Grains are usually subequant, but those derived from schists are usually slightly more
elongated or platy. In silts it is fairly common to find the grains elongated parallel to
the c axis, probably the result of obscure prismatic and rhombohedral fracture.
Terrigenous quartz grains as fine as 3 microns or even less occur, but .OlO-.020 mm is
about the practical lower limit of quartz in most mudrocks. Fractured quartz breaks
easily on transport (Moss, ‘72 JSP), as does poly-crystalline (Harrell and Blatt ‘78 JSP).

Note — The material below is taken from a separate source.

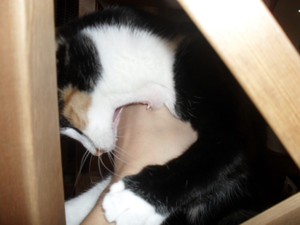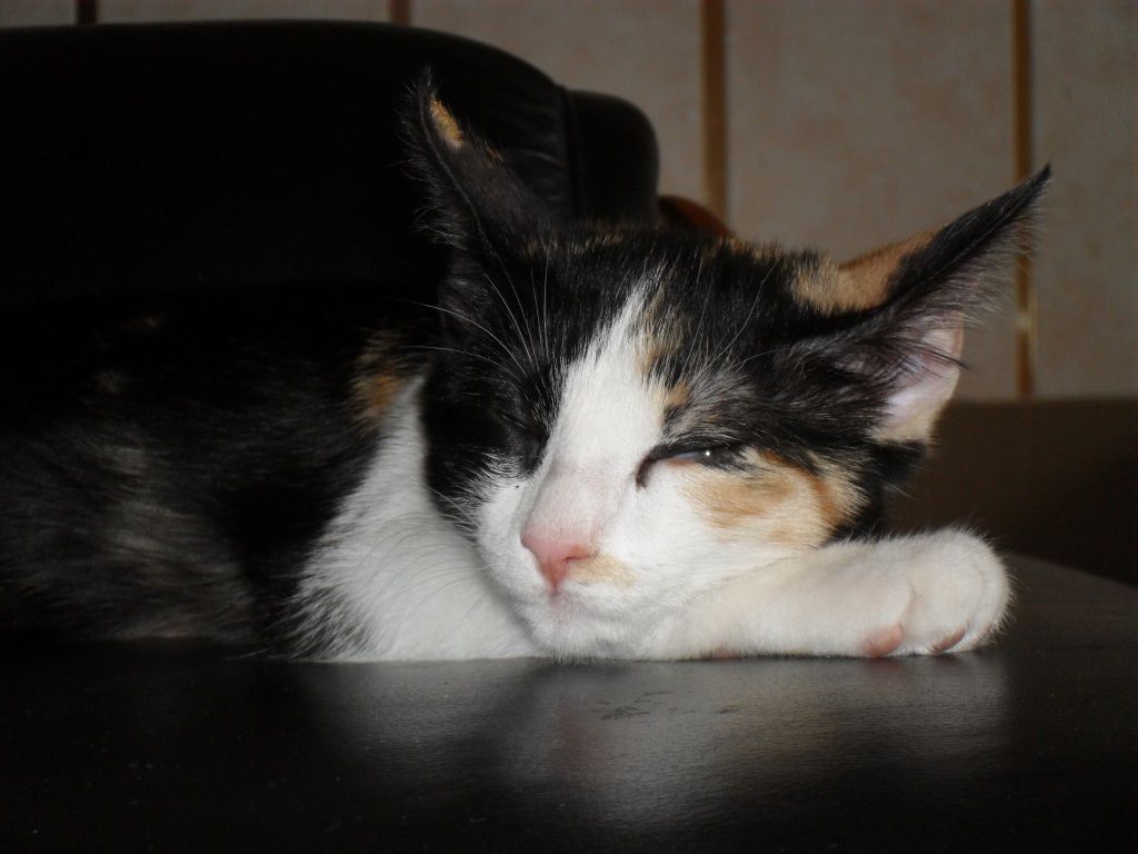 | Dire merci | j'ai une ecaille et blanche, aussi tarée que la tienne! Mais neanmoins très choue ta minette |

Stability. Quartz is ultra-stable under nearly all surface conditions, and it is
probable that very little quartz is ever dissolved by weathering; but some solution of
quartz in tropical areas has been reported with corrosion of grains (Crook, 1968) and
corrosion (by organics) can even occur in soils of S.E. USA (Cleary and Conolly ‘72 JSP),
producing skeletal grains by solution along fractures (microgriking). Folk (‘78 JSP)
reviews quartz solution. However, on burial in the sub-surface, even under only
moderate pressures and temperatures, quartz may occasionally dissolve; thus, some
sandstones show sutured quartz grains along styolites, and even styolites in limestone
often cut through and dissolve quartz grains. Dolomite or calcite rarely replace the
edges of quartz grains, to form etched or pitted contacts (quartz in limestones or
dolomi tes is often thought to be replaced when it is really just an optical illusion caused
by “overlap” of carbonate around the curving edge of the quartz grain). It can also be
replaced by pyrite. On the other hand, quartz grains commonly have authigenic quartz
overgrowths, showing that the mineral may either grow or be destroyed depending on
condi tons.
Depositional Characteristics. Quartz in sandstones is uniformly distributed, in
mudrocks usually occurs as laminae or clots, and in limestones may occur as laminae or
as scattered grains or nests. Grains often show physical orientation parallel with the
bedding, in addition, they also more rarely show an optical orientation with the slow ray
(c axis) parallel with the bedding. Check this by inserting the gypsum plate; a
dominance of blue grains in one direction and yellow grains in a direction of 90”
indicates optical orientation. This is partially due to differential abrasion, with the “c”
axis direction being harder so the grains tend to become elongated parallel to “c”, and
partially due to a weak tendency to fracture into chips parallel to “c” rather than
perpendicular to it.
Quartz Varieties. The study of quartz types is one of the most fascinating and
valuable aspects of sedimentary petrography. It is of great value in paleogeographic
interpretation, and is increasingly used in the correlation of formations. H.C. Sorby
(1858, 1877, 1880) first studied inclusions and extinction in quartz grains as a clue to
their source. Later work along this line was done by Mackie in the 1890’s, and the
subject achieved great height under Krynine in the 1940’s. Blatt (1960’s) has made an
intensive quantitative study of quartz in source rocks and sediments, and Basu, Suttner
and others have made further advances in the ‘70’s. Quartz is an ideal mineral to use
because there are so many possible varieties, and because many of them can be assigned
to a definite type of source area. Each environment of quartz formation--batholith,
volcano, schist, pegmatite, fault zone --lends its characteristic impress to the proper-
ties of the quartz grains, and these properties remain when the grain is deposited in
sediments derived from these areas, as first shown by Sorby.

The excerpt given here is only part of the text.